### Task prompt
A verbatim copy of all the data is required; the pictures should not appear in it.

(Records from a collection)
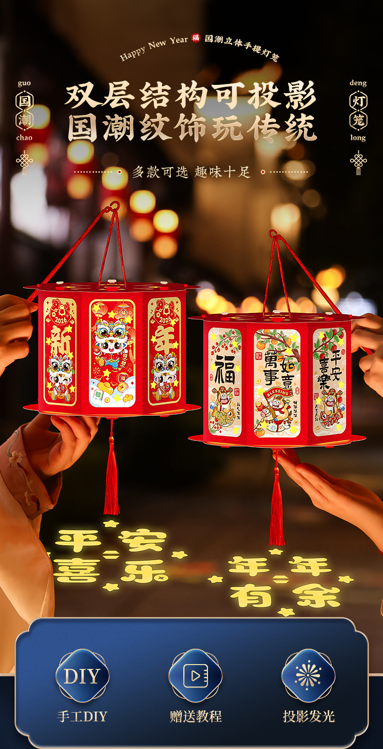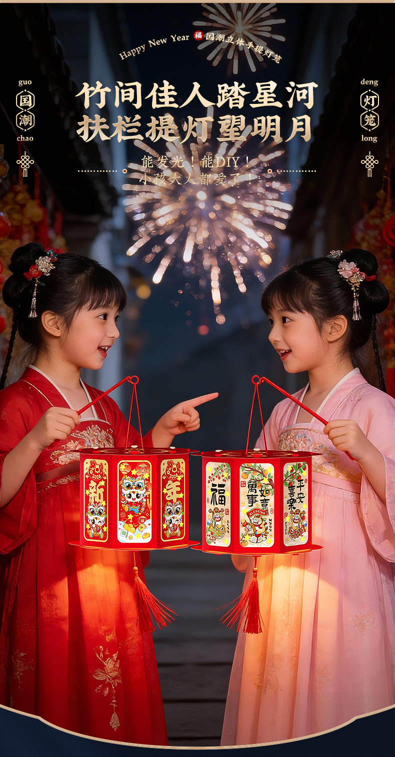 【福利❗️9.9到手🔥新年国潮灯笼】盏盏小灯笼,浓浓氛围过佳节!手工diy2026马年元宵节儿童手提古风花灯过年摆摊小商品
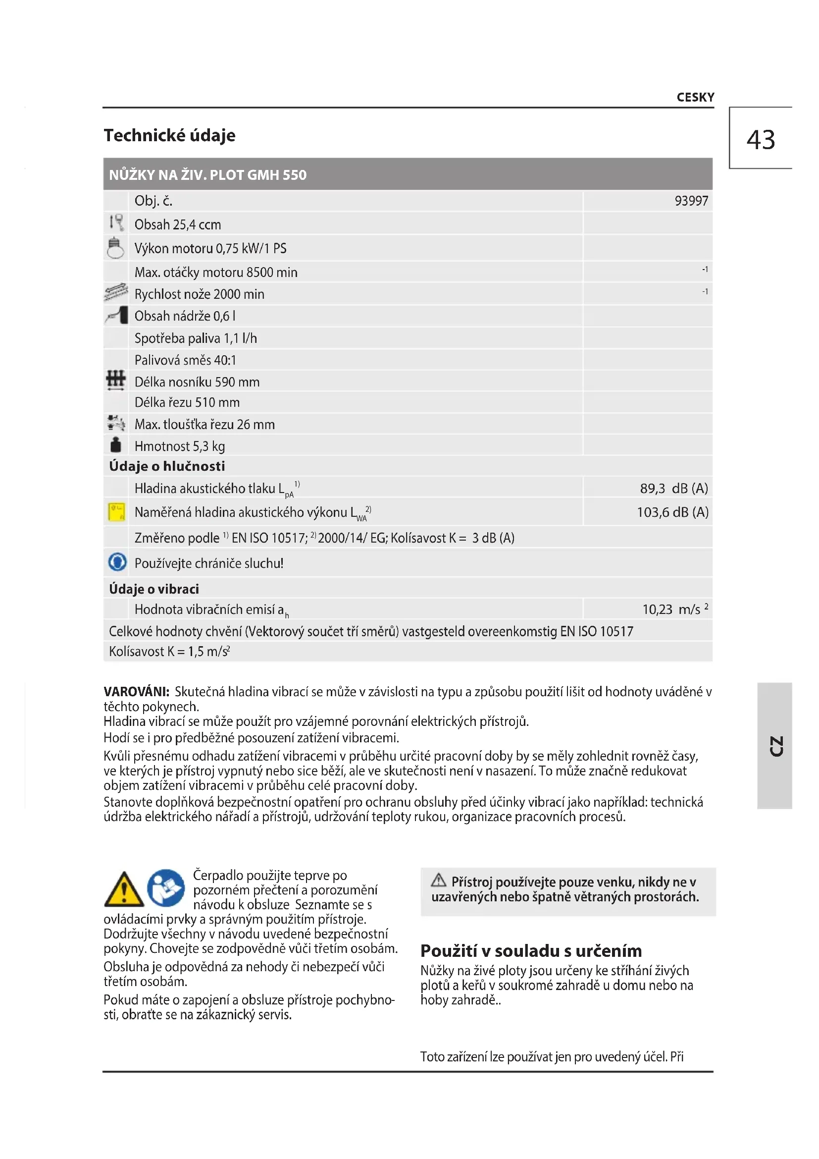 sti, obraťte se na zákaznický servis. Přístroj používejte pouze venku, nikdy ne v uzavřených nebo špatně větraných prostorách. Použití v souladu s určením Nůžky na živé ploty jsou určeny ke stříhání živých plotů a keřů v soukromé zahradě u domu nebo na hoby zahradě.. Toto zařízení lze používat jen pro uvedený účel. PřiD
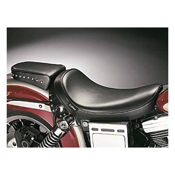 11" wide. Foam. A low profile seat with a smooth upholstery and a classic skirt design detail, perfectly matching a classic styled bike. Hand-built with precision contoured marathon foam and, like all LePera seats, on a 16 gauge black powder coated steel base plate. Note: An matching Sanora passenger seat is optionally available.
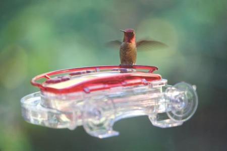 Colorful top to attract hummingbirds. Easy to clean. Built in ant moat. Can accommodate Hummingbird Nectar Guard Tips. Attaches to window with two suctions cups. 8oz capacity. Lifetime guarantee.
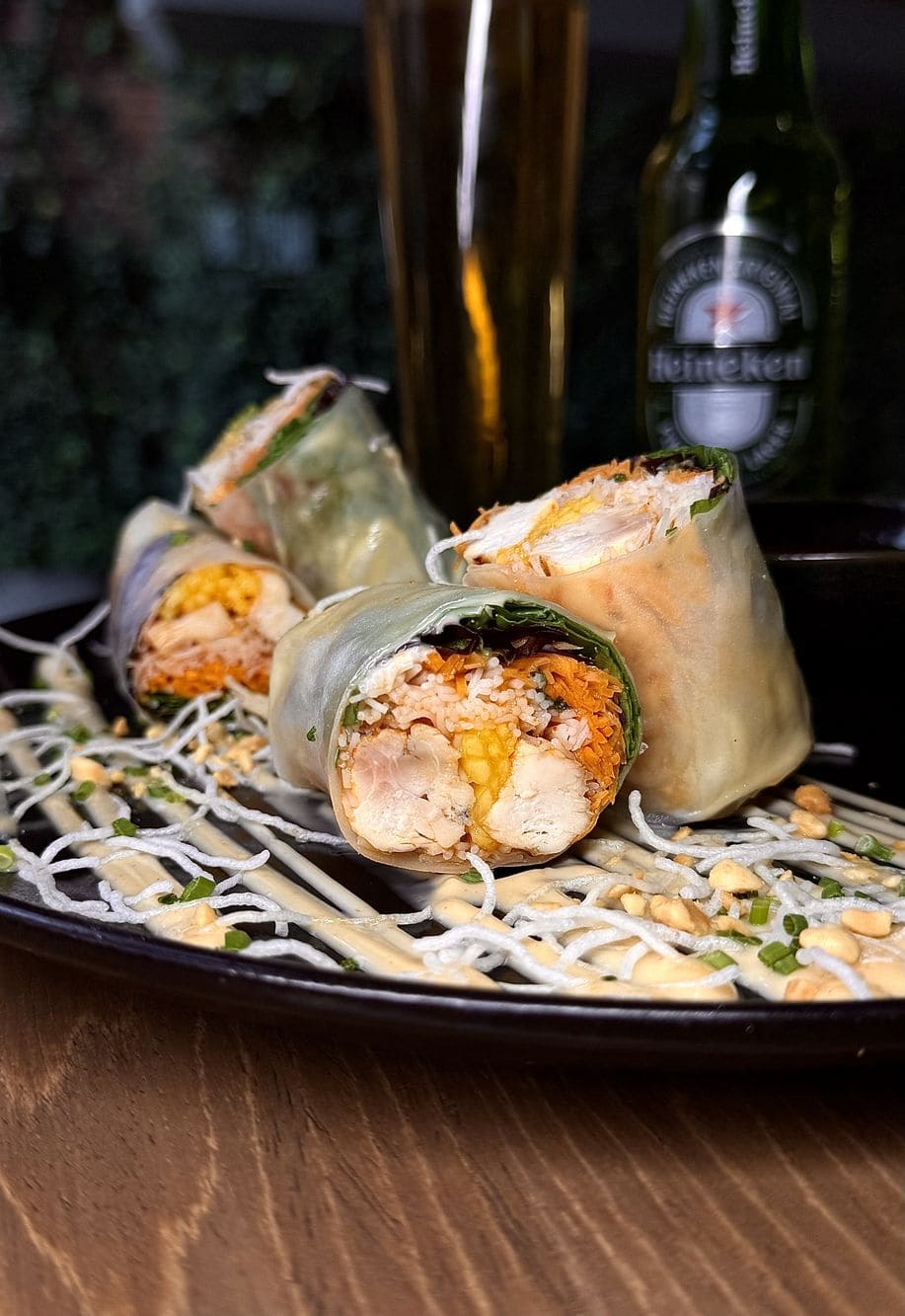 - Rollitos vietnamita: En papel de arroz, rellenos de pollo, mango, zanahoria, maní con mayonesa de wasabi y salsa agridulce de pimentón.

### Solution
 【福利❗️9.9到手🔥新年国潮灯笼】盏盏小灯笼,浓浓氛围过佳节!手工diy2026马年元宵节儿童手提古风花灯过年摆摊小商品
 sti, obraťte se na zákaznický servis. Přístroj používejte pouze venku, nikdy ne v uzavřených nebo špatně větraných prostorách. Použití v souladu s určením Nůžky na živé ploty jsou určeny ke stříhání živých plotů a keřů v soukromé zahradě u domu nebo na hoby zahradě.. Toto zařízení lze používat jen pro uvedený účel. PřiD
 11" wide. Foam. A low profile seat with a smooth upholstery and a classic skirt design detail, perfectly matching a classic styled bike. Hand-built with precision contoured marathon foam and, like all LePera seats, on a 16 gauge black powder coated steel base plate. Note: An matching Sanora passenger seat is optionally available.
 Colorful top to attract hummingbirds. Easy to clean. Built in ant moat. Can accommodate Hummingbird Nectar Guard Tips. Attaches to window with two suctions cups. 8oz capacity. Lifetime guarantee.
 - Rollitos vietnamita: En papel de arroz, rellenos de pollo, mango, zanahoria, maní con mayonesa de wasabi y salsa agridulce de pimentón.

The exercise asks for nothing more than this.